=== Data ===

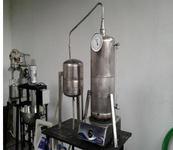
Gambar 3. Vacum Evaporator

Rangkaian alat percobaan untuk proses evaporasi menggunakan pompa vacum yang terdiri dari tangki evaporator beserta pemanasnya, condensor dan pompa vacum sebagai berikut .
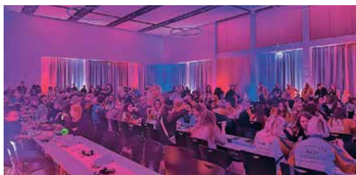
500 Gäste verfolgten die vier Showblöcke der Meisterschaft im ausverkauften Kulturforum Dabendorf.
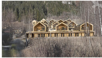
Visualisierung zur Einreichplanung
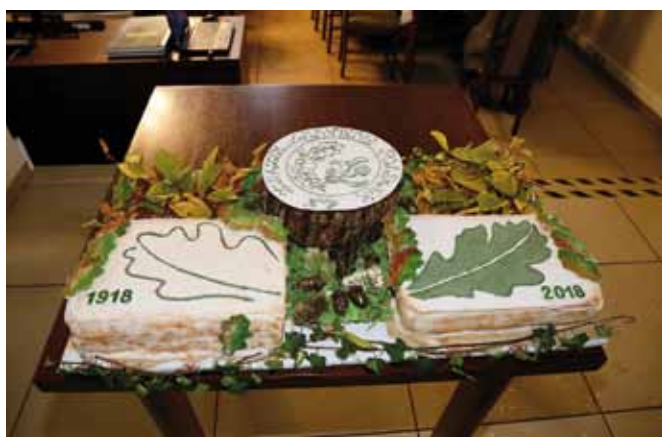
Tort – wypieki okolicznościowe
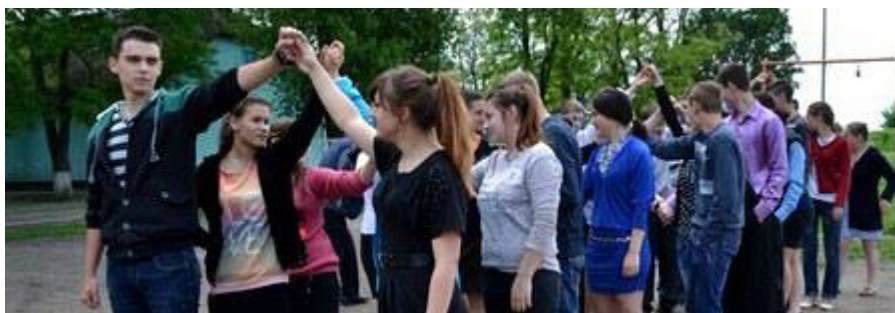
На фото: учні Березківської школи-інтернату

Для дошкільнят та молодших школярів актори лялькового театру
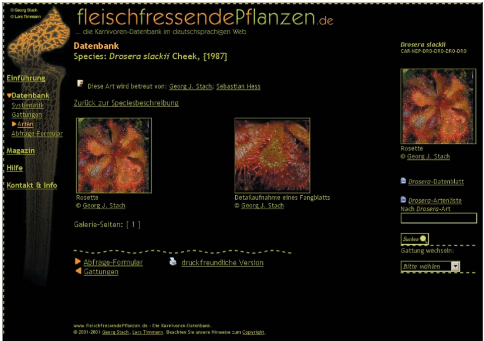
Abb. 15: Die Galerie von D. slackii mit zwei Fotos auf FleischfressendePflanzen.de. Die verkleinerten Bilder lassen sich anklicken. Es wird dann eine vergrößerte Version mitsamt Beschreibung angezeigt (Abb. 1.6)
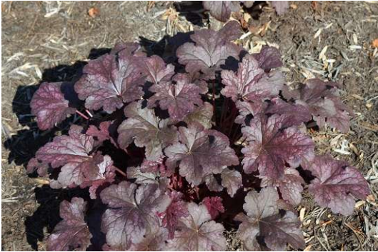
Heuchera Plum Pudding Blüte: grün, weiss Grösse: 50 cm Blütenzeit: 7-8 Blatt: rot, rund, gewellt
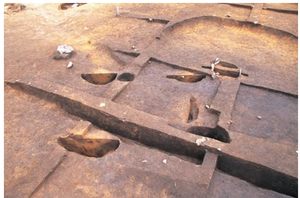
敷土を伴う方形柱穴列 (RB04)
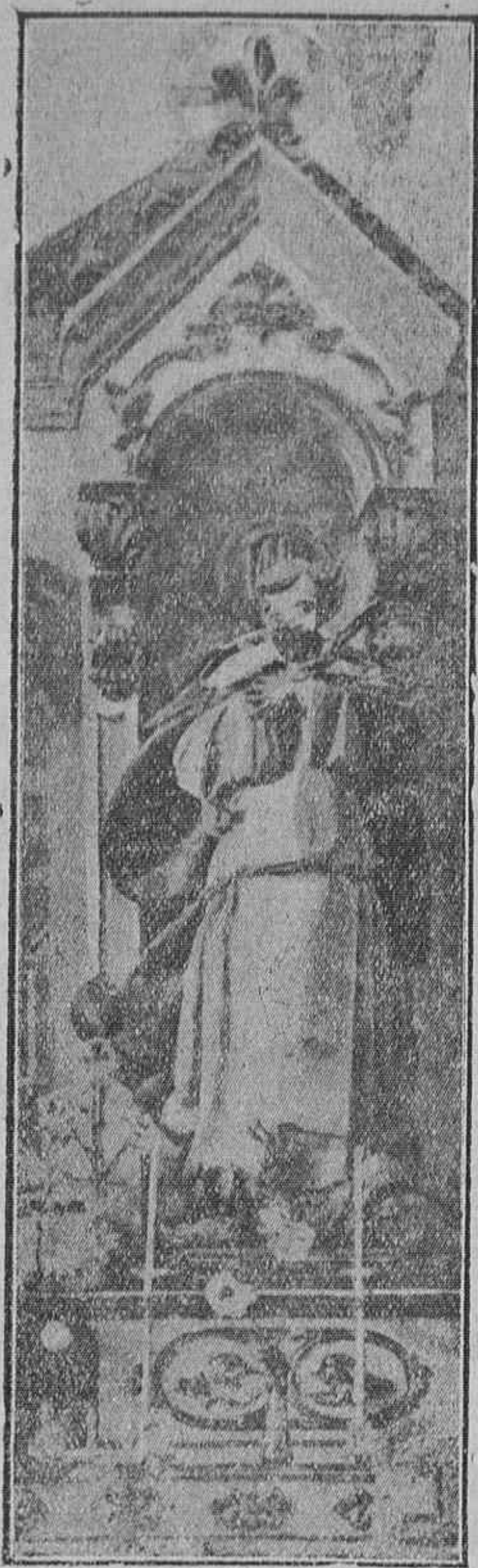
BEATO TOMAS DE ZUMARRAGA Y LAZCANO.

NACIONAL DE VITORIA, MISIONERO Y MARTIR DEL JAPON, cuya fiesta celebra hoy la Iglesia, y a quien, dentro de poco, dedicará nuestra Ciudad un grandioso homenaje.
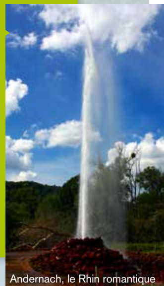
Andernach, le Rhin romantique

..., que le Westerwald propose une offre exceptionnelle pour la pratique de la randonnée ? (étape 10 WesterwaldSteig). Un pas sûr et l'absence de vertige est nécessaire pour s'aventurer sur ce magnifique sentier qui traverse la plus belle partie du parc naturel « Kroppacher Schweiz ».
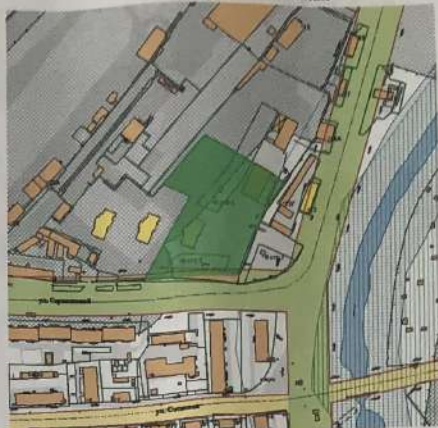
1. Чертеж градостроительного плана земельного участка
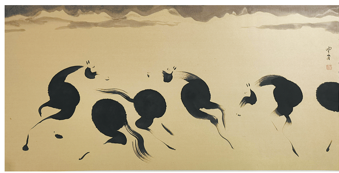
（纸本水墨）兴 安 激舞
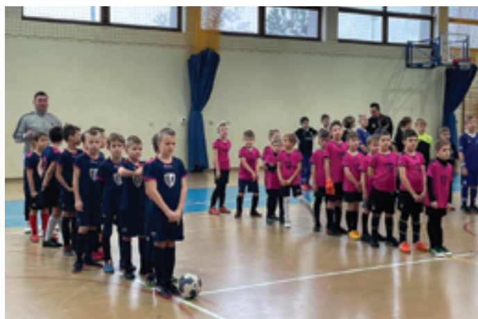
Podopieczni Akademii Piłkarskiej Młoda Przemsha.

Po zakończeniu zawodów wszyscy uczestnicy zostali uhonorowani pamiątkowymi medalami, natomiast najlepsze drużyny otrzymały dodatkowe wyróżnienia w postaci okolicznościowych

===

__Problem to work on__:
Return nothing but the lines running from the start of the data to the line with "На фото: учні Березківської школи-інтернату", please, both ends included and no pictures.

__Exercise output__:
Gambar 3. Vacum Evaporator

Rangkaian alat percobaan untuk proses evaporasi menggunakan pompa vacum yang terdiri dari tangki evaporator beserta pemanasnya, condensor dan pompa vacum sebagai berikut .
500 Gäste verfolgten die vier Showblöcke der Meisterschaft im ausverkauften Kulturforum Dabendorf.
Visualisierung zur Einreichplanung
Tort – wypieki okolicznościowe
На фото: учні Березківської школи-інтернату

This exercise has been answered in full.